*YOUR INSTRUCTIONS*. Only the lines below from the one containing "Λίγο νωρίτερα όπως" to the one containing "Tsingitud terasest gabioon-taimelava" should be repeated, both included and unchanged.

*RECORDS SUPPLIED*.
[Start of Attachment]

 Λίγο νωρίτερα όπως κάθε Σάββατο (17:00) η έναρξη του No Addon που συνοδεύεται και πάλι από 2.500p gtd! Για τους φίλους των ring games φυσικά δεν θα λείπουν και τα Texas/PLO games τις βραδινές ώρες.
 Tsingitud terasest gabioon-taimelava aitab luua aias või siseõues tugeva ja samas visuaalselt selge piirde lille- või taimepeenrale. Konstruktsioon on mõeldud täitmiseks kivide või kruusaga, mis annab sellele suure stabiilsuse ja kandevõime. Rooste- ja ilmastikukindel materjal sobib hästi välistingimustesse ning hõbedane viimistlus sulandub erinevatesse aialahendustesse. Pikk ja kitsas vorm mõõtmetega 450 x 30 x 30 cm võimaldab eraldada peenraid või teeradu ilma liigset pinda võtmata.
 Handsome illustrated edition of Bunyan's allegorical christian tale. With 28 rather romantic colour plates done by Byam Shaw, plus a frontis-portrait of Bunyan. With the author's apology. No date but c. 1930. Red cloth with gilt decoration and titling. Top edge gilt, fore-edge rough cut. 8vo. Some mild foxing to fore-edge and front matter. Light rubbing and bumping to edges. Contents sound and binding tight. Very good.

[End of Attachment]
[Start of Attachment]

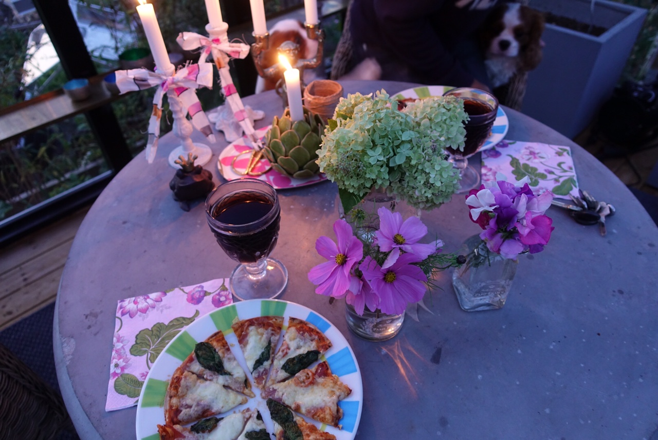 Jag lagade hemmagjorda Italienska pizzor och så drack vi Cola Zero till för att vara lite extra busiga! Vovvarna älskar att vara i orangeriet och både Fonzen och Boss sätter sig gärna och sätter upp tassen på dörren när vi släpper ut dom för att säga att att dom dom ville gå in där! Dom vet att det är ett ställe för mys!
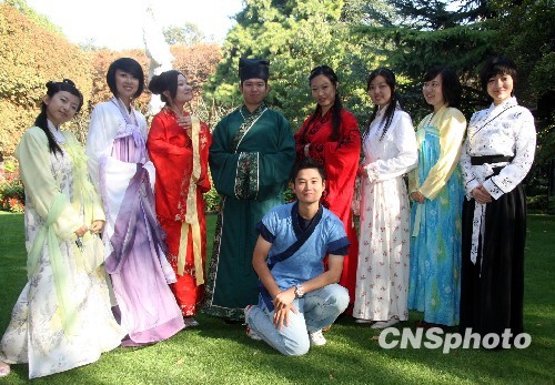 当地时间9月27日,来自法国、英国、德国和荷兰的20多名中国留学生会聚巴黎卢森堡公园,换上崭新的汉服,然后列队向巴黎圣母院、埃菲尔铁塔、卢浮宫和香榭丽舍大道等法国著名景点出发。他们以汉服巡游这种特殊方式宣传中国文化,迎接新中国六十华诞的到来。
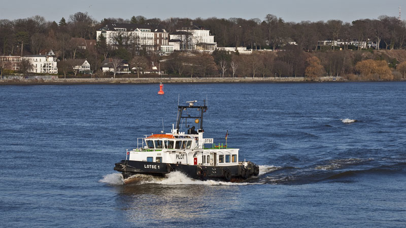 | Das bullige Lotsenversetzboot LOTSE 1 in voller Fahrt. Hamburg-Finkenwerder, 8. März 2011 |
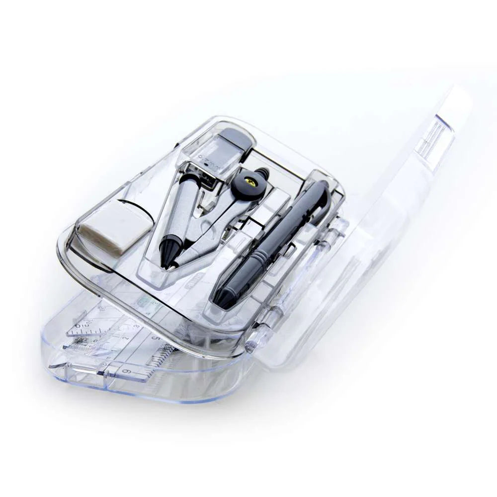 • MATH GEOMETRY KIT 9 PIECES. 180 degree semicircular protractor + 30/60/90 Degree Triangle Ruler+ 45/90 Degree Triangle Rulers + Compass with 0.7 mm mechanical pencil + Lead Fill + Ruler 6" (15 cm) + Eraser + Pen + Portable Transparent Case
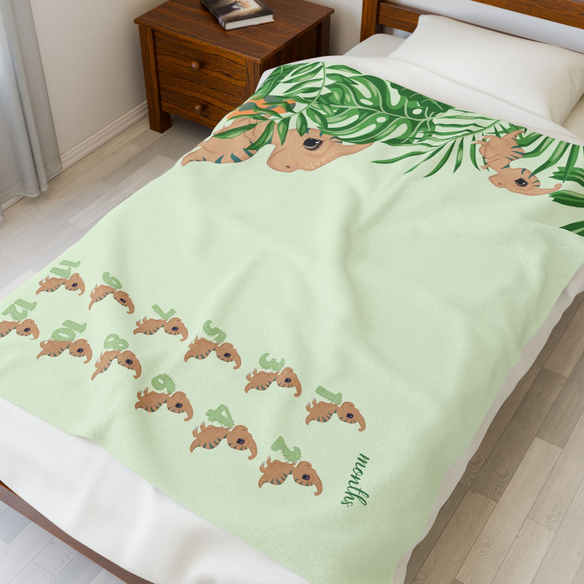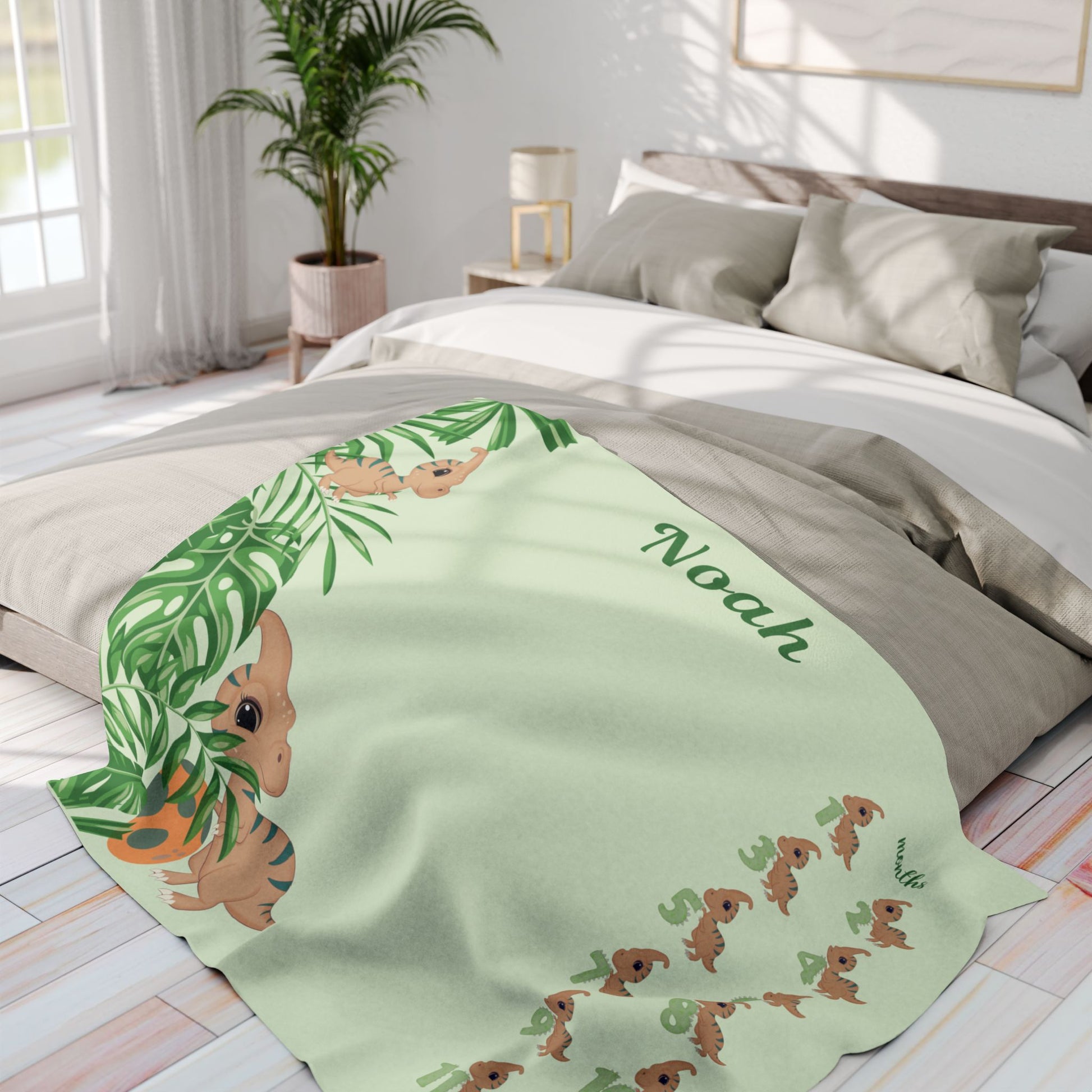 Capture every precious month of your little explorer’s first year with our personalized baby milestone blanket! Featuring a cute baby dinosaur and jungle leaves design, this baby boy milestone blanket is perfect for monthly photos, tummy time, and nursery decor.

[End of Attachment]

*OUTPUT BELOW*.
 Λίγο νωρίτερα όπως κάθε Σάββατο (17:00) η έναρξη του No Addon που συνοδεύεται και πάλι από 2.500p gtd! Για τους φίλους των ring games φυσικά δεν θα λείπουν και τα Texas/PLO games τις βραδινές ώρες.
 Tsingitud terasest gabioon-taimelava aitab luua aias või siseõues tugeva ja samas visuaalselt selge piirde lille- või taimepeenrale. Konstruktsioon on mõeldud täitmiseks kivide või kruusaga, mis annab sellele suure stabiilsuse ja kandevõime. Rooste- ja ilmastikukindel materjal sobib hästi välistingimustesse ning hõbedane viimistlus sulandub erinevatesse aialahendustesse. Pikk ja kitsas vorm mõõtmetega 450 x 30 x 30 cm võimaldab eraldada peenraid või teeradu ilma liigset pinda võtmata.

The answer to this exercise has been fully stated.